Unsubscribe vs Suppress

When someone sends a complaint to your compliance desk there are a range of things you want to do, but one thing you always want to do is ensure that the recipient doesn’t receive any more unwanted email from your customer. Or, at least, not from your network.

There are usually several different ways you can make sure that happens. There are big hammers a compliance desk can use in egregious cases – if the customer is immediately terminated, or has their ability to send mail suspended then there won’t be any more unwanted email to anyone, including the person who has reported unwanted mail.

More normally, though, you’ll want to stop all mail from your customer to just the person reporting them immediately, at least while you look at the customers statistics and investigate further.

If the report includes a copy of the offending email then there’ll be an unsubscription link to click in the mail, so why not just click that to unsubscribe the recipient, rather than adding them to the customers suppression list?

One reason is that an unsubscription often sends a goodbye email.

We’re sorry to see you go.

Was this a mistake?
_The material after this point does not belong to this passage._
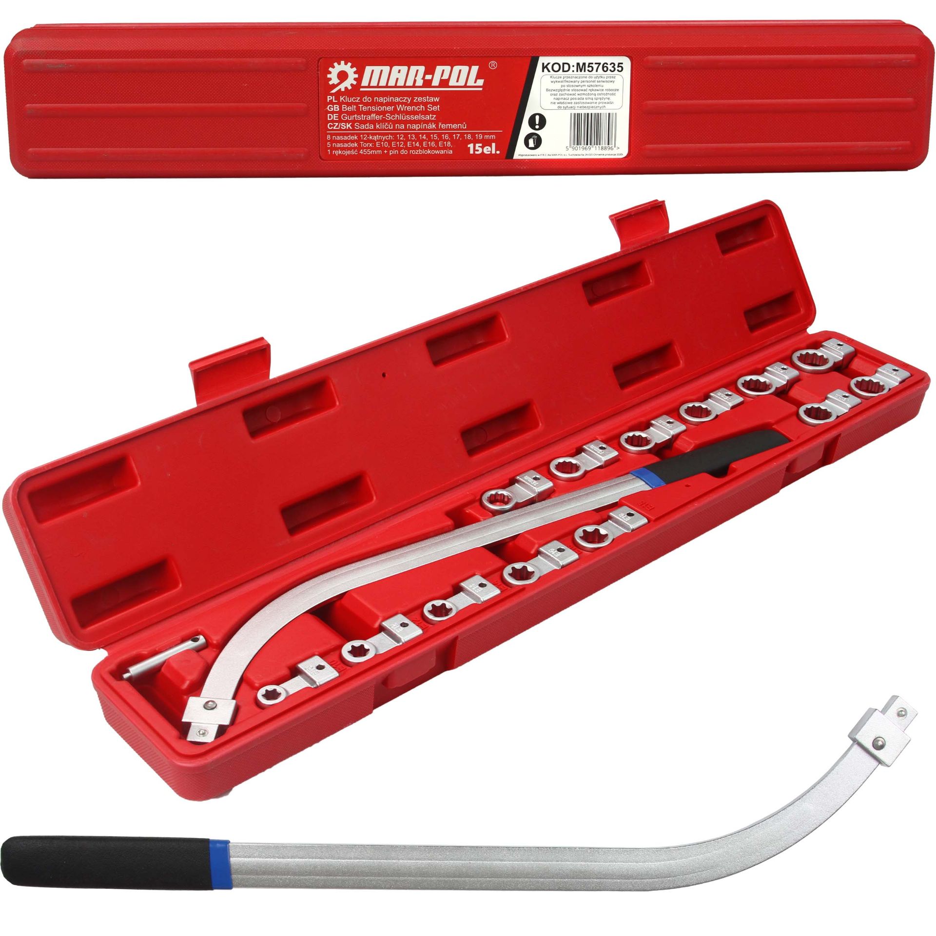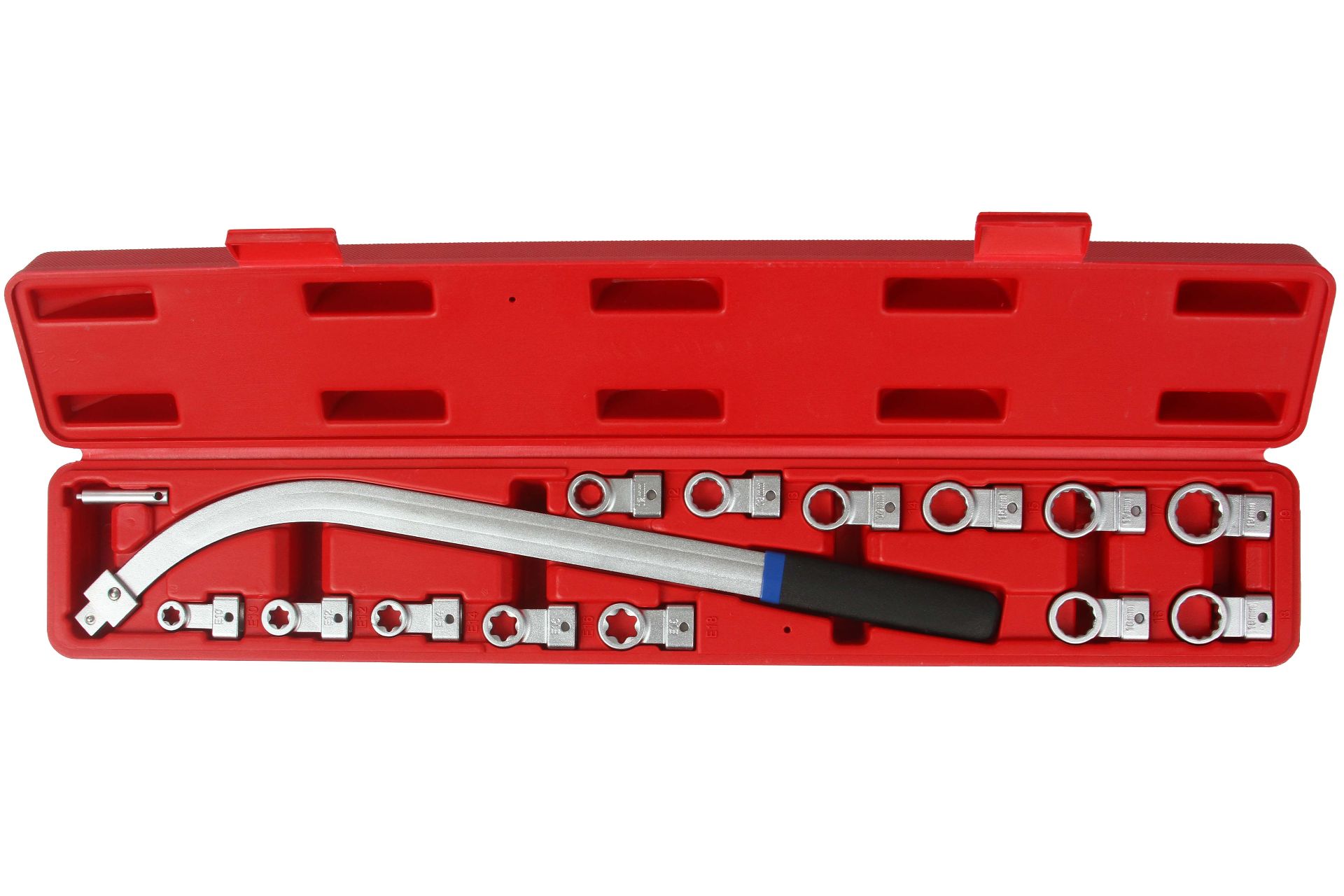 Set per Smontaggio di Tensionatori | 15 Pezzi | Chiave a Manico Piegato 45,5 cm | Punte TORX E10-16 | Bussole a 12 Angoli 12-19 mm

Did you forward one of our emails to a friend, and they clicked the unsubscribe link not realizing they were in fact unsubscribing you from this list? If this was a mistake, you can re-subscribe at: <link>

In response to a recipient unsubscribing that’s entirely reasonable, friendly even.

But to send that in response to a report of unsolicited email is bad in several ways.

Firstly, it’s sending further unwanted email from your customer to the person who has just complained about receiving unwanted email.

And secondly, it sends the message that your compliance desk isn’t doing anything more than unsubscribe people who complain about unwanted email from your customers. It doesn’t matter whether that’s true or not – maybe you’ll do all the right things after clicking unsubscribe – but that’s the message it sends.

Triggering the unsubscribe trigger programatically, or just forwarding the report to your customer so they can trigger the unsubscribe isn’t any better.

Suppress recipients who report unwanted email, don’t use a recipient-visible unsubscribe process.